Highest Common Factor of 4891, 8134 using Euclid's algorithm

Created By : Jatin Gogia

Reviewed By : Rajasekhar Valipishetty

Last Updated : Apr 06, 2023


HCF Calculator using the Euclid Division Algorithm helps you to find the Highest common factor (HCF) easily for 4891, 8134 i.e. 1 the largest integer that leaves a remainder zero for all numbers.

HCF of 4891, 8134 is 1 the largest number which exactly divides all the numbers i.e. where the remainder is zero.
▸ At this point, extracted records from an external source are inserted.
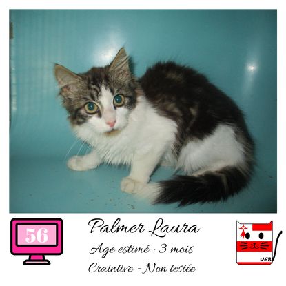 URGENCE EUTHANASIE ! Palmer Laura est une femelle de 3 mois craintive (un comportement tout à fait normal en fourrière) qui vous attend dans une fourrière du 56. ATTENTION SORTIE AU PLUS TARD LE 31/07/2020 (avant euthanasie) ! Pour adopter, c'est facile : ➡️ On se rend sur la page facebook d'Urgence Fourrière de Bretagne (UFB) -> https://www.facebook.com/sosfourrieresbreizh/ ➡️ On vient en message privé sur la page UFB ➡️ On remplit le questionnaire ➡️ Si le questionnaire est validé, on se rend disponible pour la pré-visite ➡️ On se rend aussi disponible pour venir chercher le loulou en fourrière Les chats sortent de fourrière primo-vaccinés et identifiés. Restera à charge de l’adoptant le rappel de vaccin et la stérilisation qui est OBLIGATOIRE. Les femelles en fourrière ayant été trouvées dans la rue, il y a fort à parier que nombre d'entre elles en âge de l'être soient gestantes ... ---- A PROPOS D'URGENCE FOURRIERE DE BRETAGNE (UFB) Nous sommes un COLLECTIF d'ASSOCIATIONS DE PROTECTION ANIMALE (qui rassemble notamment Moustaches et Compagnie, Bêtes de Scène, les Pachas, Chats Libres de Berné, etc, etc....) Le BUT de ce collectif d'associations est donc de SORTIR ces animaux des fourrières surchargées en les faisant ADOPTER de manière LEGALE par des familles ou en leur trouvant des FAMILLES D'ACCUEIL lorsque des places en association se libèrent.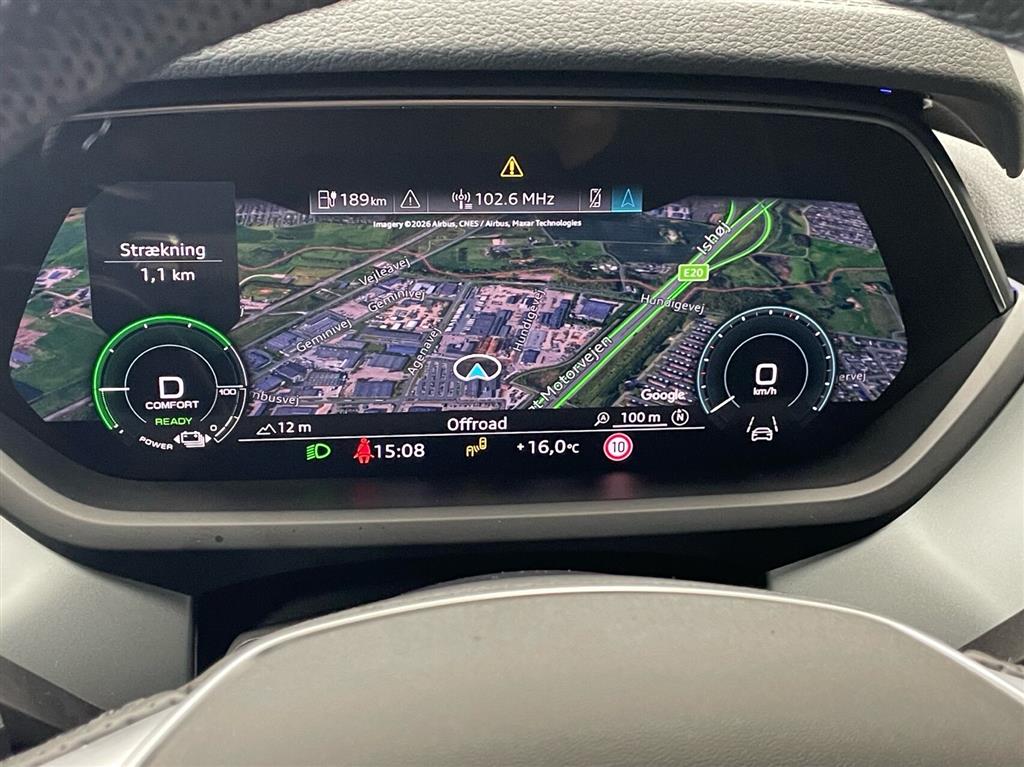 Hjemmeladning: 11 kw/3 faser (ca. 9 timer)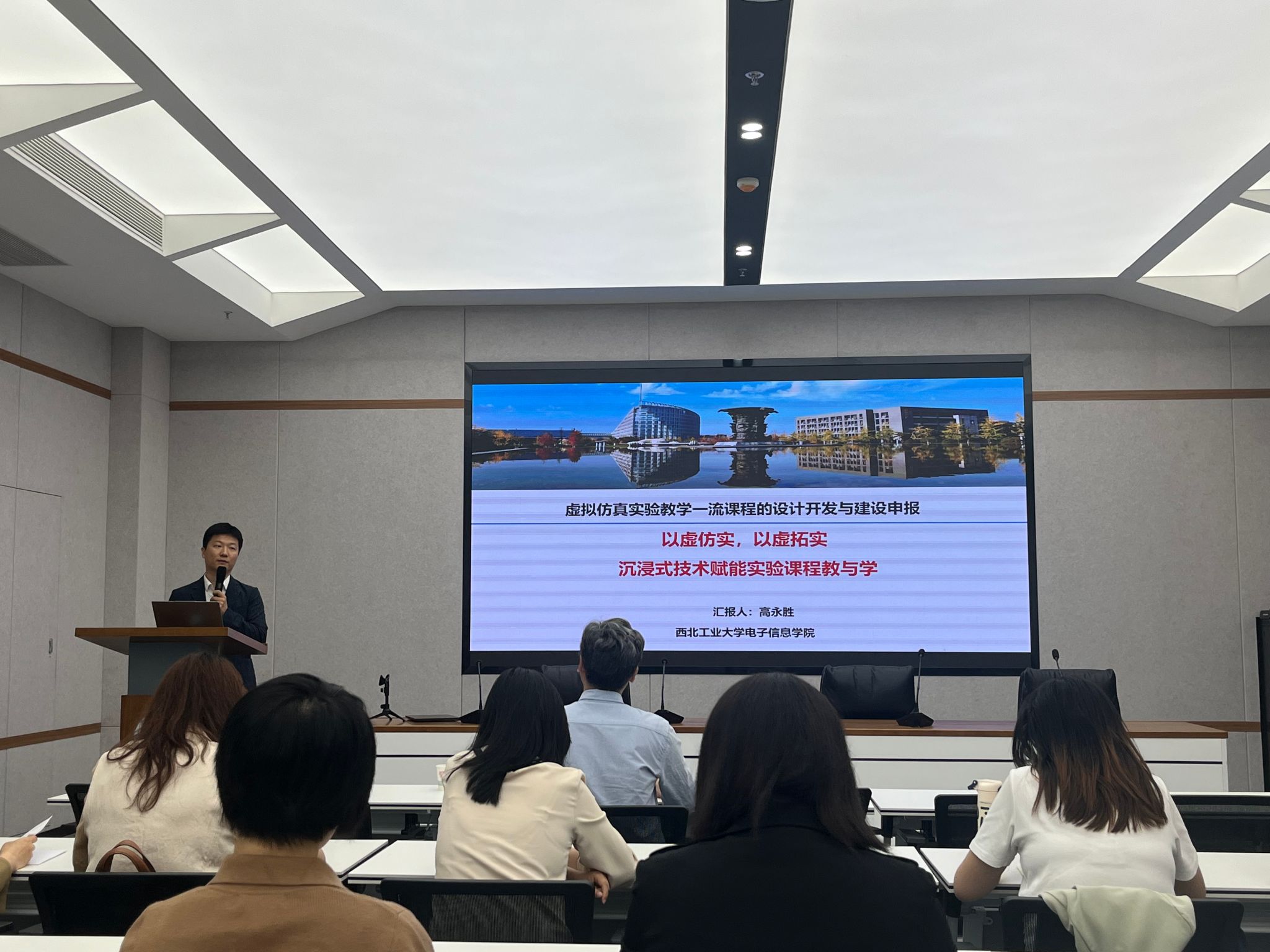 会上,高永胜以《虚拟仿真实验教学一流课程的设计开发与建设申报》为题,结合西北工业大学的典型建设案例,从课程设计逻辑、技术实现路径、教学模式创新等维度,分享了课程建设经验与实践心得。随后,2024年校级立项的6位课程负责人分别围绕课程建设情况、取得的建设成效、存在的问题以及下一步建设思路等方面依次进行了汇报。高永胜逐一对课程建设情况进行点评,他充分肯定了多数课程团队在课程框架搭建、教学场景模拟等方面取得的成效,认为阶段性成果亮点突出。同时,也从专业视角指出共性问题:教学资源整合不足、应用深度欠缺;课程设计在高阶性、创新性和挑战度的呈现上有待加强;申报材料的逻辑架构与亮点提炼需要提升。这些专业建议为后续课程优化指明了方向。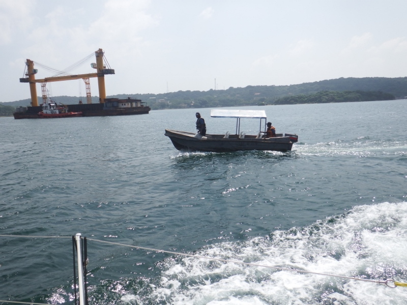 We were on the dock at 7.30 yesterday but there wasn’t any one around. Eventually Ravi, our agent, arrived at 8.15 with our clearance papers and to collect the money but we had to wait for the immigration officers to arrive to stamp our passports. At about 9.00 they turned up to stamp the 6 passports. Inspiration Lady, Tintin and Camomile were good to go. We weighed anchor at 11.00 and headed out to sea with Tintin, Inspiration Lady followed on about an hour later.

Let us get into the working of this example.

Consider we have numbers 4891, 8134 and we need to find the HCF of these numbers. To do so, we need to choose the largest integer first and then as per Euclid's Division Lemma a = bq + r where 0 ≤ r ≤ b

Highest common factor (HCF) of 4891, 8134 is 1.

HCF(4891, 8134) = 1

HCF of 4891, 8134 using Euclid's algorithm

Highest common factor or Highest common divisor (hcd) can be calculated by Euclid's algotithm.

HCF of:

Highest common factor (HCF) of 4891, 8134 is 1.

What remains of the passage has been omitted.